WASHINGTON (CNN) -- An FBI executive pleaded guilty to obstruction of justice Wednesday after admitting in federal court that he had destroyed an internal FBI report criticizing the bureau's handling of the 1992 siege at Ruby Ridge, Idaho.

As part of his plea, E. Michael Kahoe agreed to cooperate with federal prosecutors looking into the possibility that other FBI officials were involved in a cover-up of the actions that took place during the nine-day standoff outside white separatist Randy Weaver's mountain cabin.

standoff Weaver's wife and son, and a federal marshal were shot to death during the nine-day standoff.

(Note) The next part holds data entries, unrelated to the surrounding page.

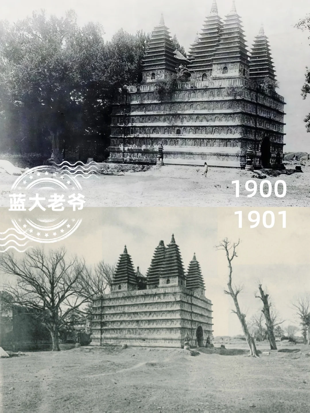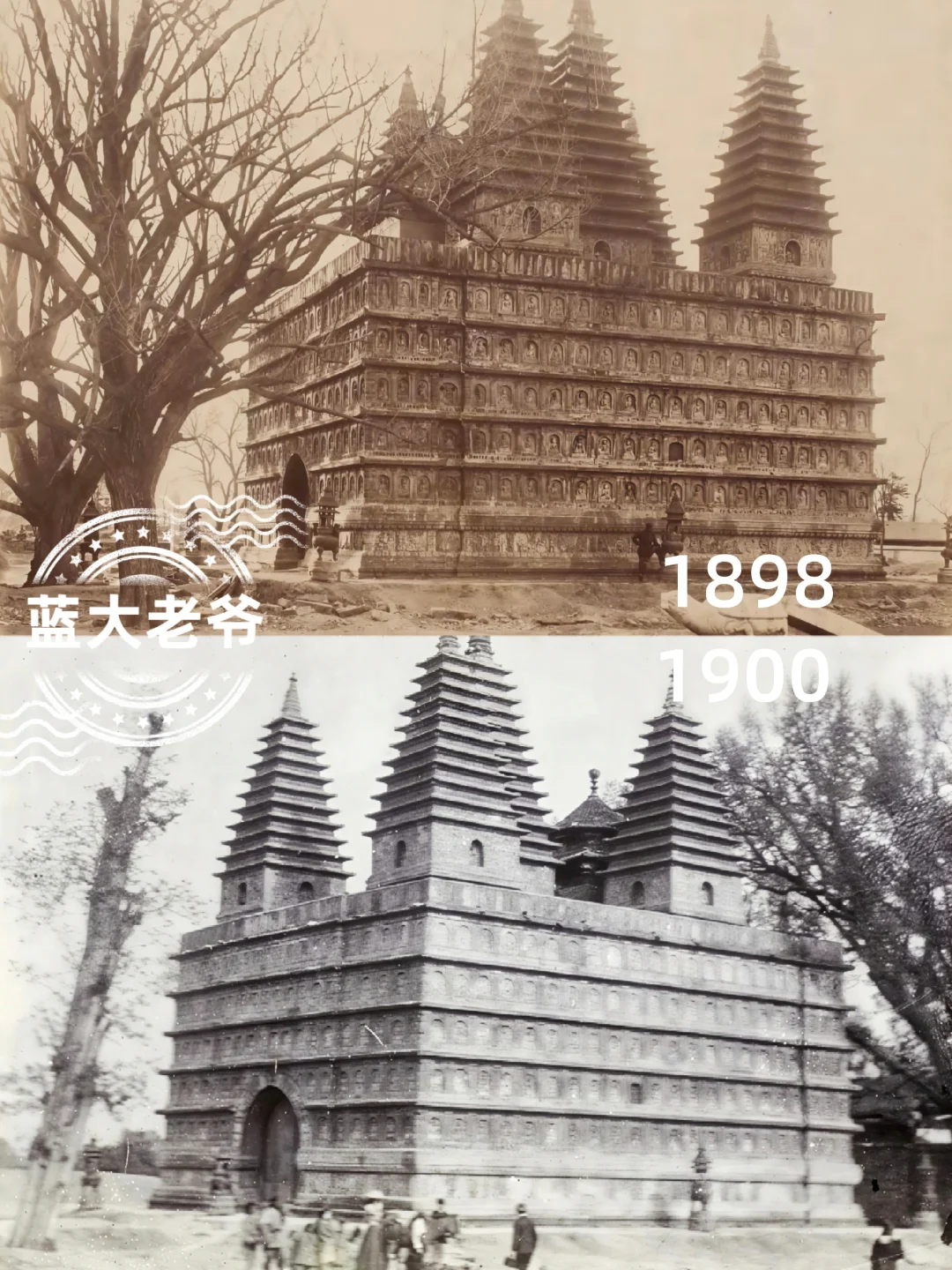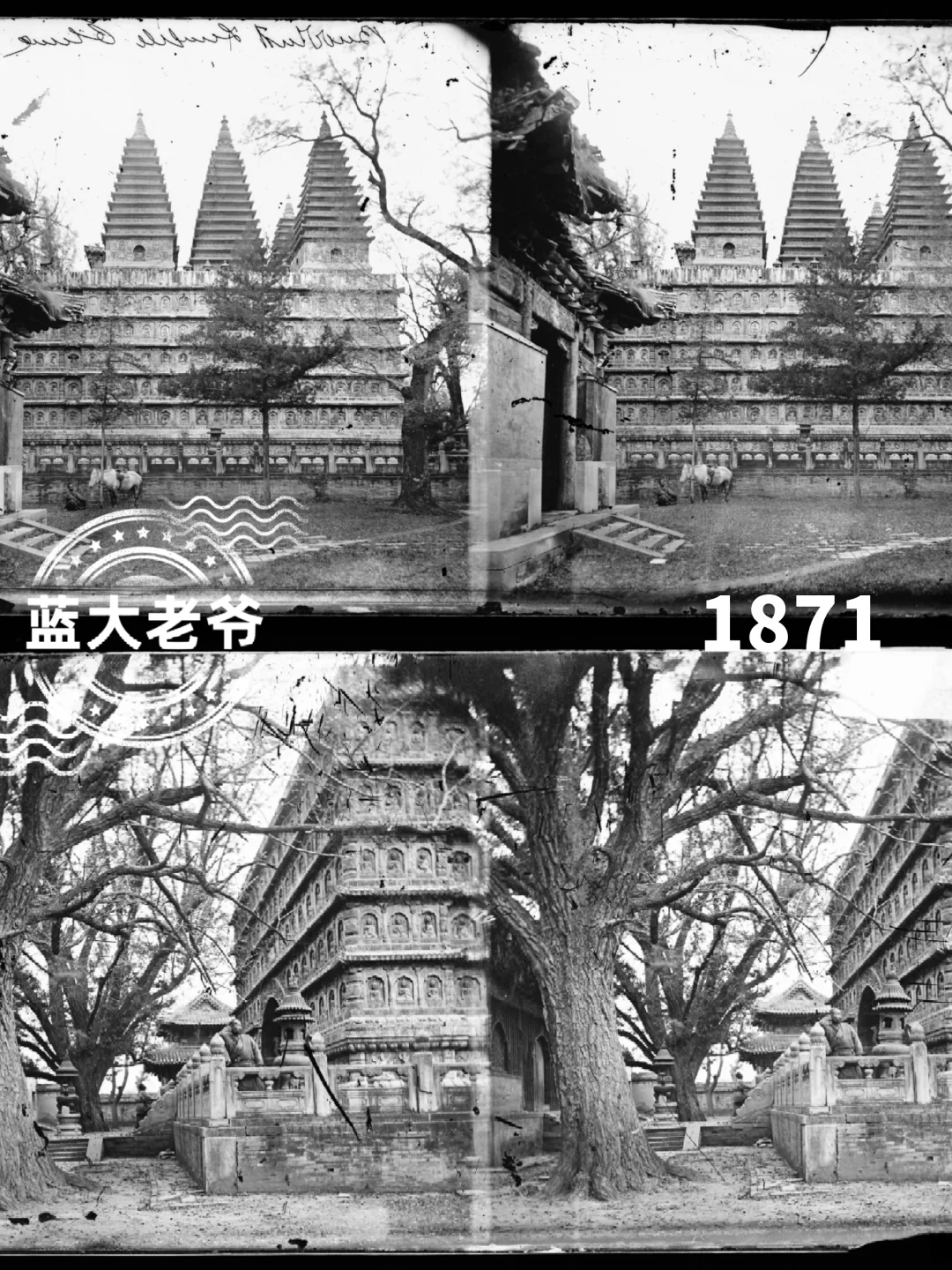 🌄有几个道友群,潜水不言只随看学习,此前看群讨论一张五塔寺旧影视角,这是清同治朝(约1871)苏格兰旅行家&摄影先驱约翰•汤姆逊所拍两张立体照片中的一张,五塔寺现存旧影之最早,其时尚存大殿碑亭建筑,也曾比对拍摄过,以前发过一集,再作集分享旧影。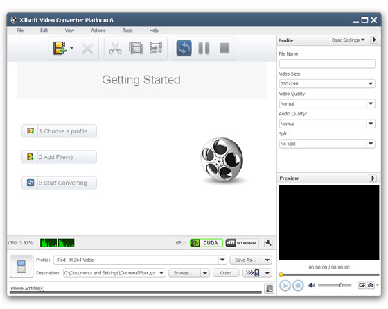 Xilisoft HD Video Converter - мощный, универсальный видео конвертер, с улучшенной HD (High-Definition) технологией конвертирования видео. Программа можно легко выполнять конвертирование между форматами HD видео, конвертировать видео в HD, преобразование HD видео на SD (стандартной четкости) видео. HD Video Converter поддерживает большинство HD видео форматов, таких как AVCHD (МТС, m2ts), H.264/AVC, MKV, MPEG-2 (TS), DivX, WMV HD, MPEG-4 и Quick Time. А теперь программа поддерживает и технологию NVIDIA® CUDA™.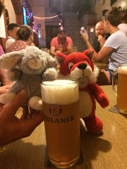Zurück im Hotel macht René den Vorschlag, seinen Freund Thomas aus Sachsen zu besuchen. Er führt im Ort ein kleines Kellerlokal mit eigener Brauerei. Ich verziehe mich indessen ins Restaurant, wo das Internet erträglich schnell ist und mithilfe von zwei Pinacoladas entsteht der Bericht von gestern.
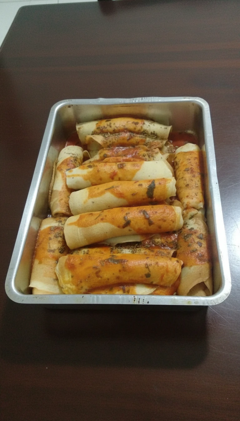 Deliciosas panquecas recheadas com um cremoso frango desfiado e milho, cobertas com molho de tomate e queijo. Uma refeição que agrada a toda a família!
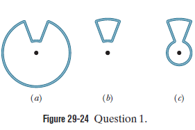 Figure 29-24 shows three circuits, each consisting of two radial lengths and two concentric circular arcs, one of radius rand the other of radius R>r. The circuits have the same current through them and the same angle between the two radial lengths. Rank the circuits according to the magnitude of the net magnetic field at the center, greatest first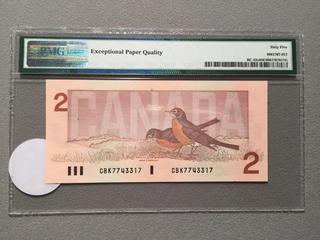 Lot #5366: 1986 Canada Two Dollar Bill, S/N CBK7743317, PMG Grade 65 (EPQ).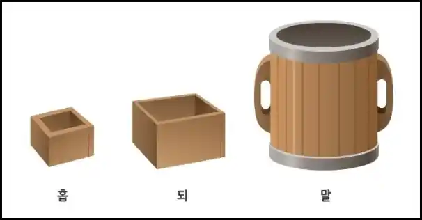이 그림으로 보면 이해가 쉬운데요,. 홉, 되, 말... ㅎㅎ 예전에 자주 사용하던 단위들이잖아요~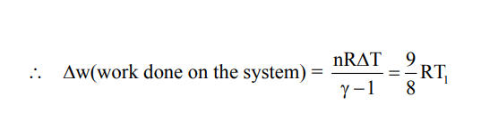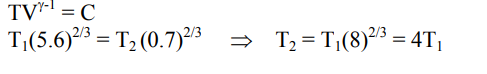 5.6 liter of helium gas at STP is adiabatically compressed to 0.7 liter. Taking the initial temperature to be $\mathrm{T}_1$, the work done in the process is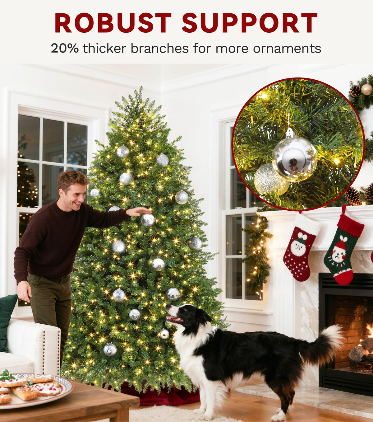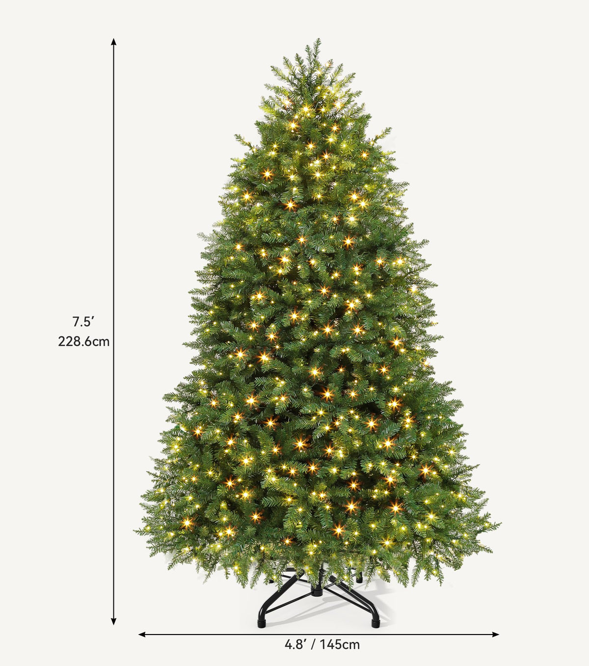 Full Bell-Shape Appearance: After 30 mins fluffing, this realistic christmas tree features flame-resistant PVC with Grand Duchess Balsam Fir-inspired needles. 3D texture offers shed-resistant, lifelike greenery for a full, natural holiday look | Thickened Base & Branches: 20% thicker trunk and branches hold decor firmly. The 7.5 foot christmas tree pre-lit has a reinforced 15.75 metal base with 3 bolts and metal hinges for stability and adjustable shaping | UL Safety Certified: This UL-certified lighted christmas tree ensures safe operation with intact lights and a solid stand. hypo-allergenic, crystal-dusted needles mimic a crystal-covered real feel christmas tree | 3 Colors & 11 Modes: Enjoy warm white and colorful lights with 11 modes, including twinkle, independently controlled by remote control. As a pre-lit LED christmas tree, it allows self-replacement of beads and one broken doesn't affect others, making it a great christmas tree with twinkle lights | Easy Assembly: Hinged frame enables quick setup. Shape branches for seamless fullness. This home christmas tree stands 7.5ft with 2514 tips and 750 lights. Stores easily after the season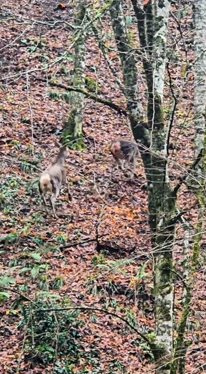 Yedigöller’de ormanda gezinen geyikler kamerada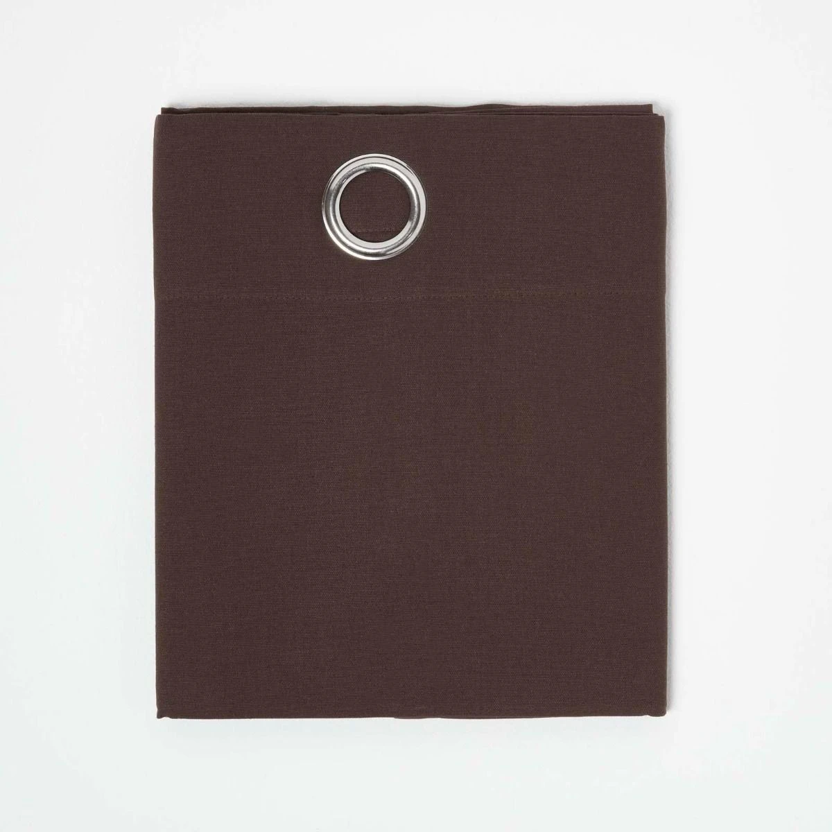 Cotton Plain Chocolate Ready Made Eyelet Curtain Pair

The lead federal prosecutor, U.S. Attorney Michael Stiles, said he has not promised Kahoe he will remain out of prison. Kahoe could be sentenced to up to 10 years in prison and a $250,000 fine. However, the judge granted the prosecutor's request that no sentencing date be set, and that Kahoe be released without posting bond.

Moments before Kahoe pleaded guilty in open court, prosecutors described what they said were Kahoe's illegal actions.

Government attorney Eric Sitarchuk said Kahoe had thrown all of his copies of the "after-action" report into his trash can to be shredded and had ordered a subordinate, Gale Evans, to destroy all other copies. He said Kahoe had previously met with Justice Department officials several times, and had promised to turn over all key documents requested by federal prosecutors.

However, Sitarchuk said Kahoe had been determined to keep the internal FBI criticism of its Ruby Ridge actions out of the hands of prosecutors trying Weaver in Idaho.

Sitarchuk said Kahoe told Evans, "to make it like the Ruby Ridge after-action critique had never existed."

Kahoe refused to comment as he left the courthouse. His lawyer, Jim Richmond, told reporters, "I'll have plenty to say later, but it's not the right time now."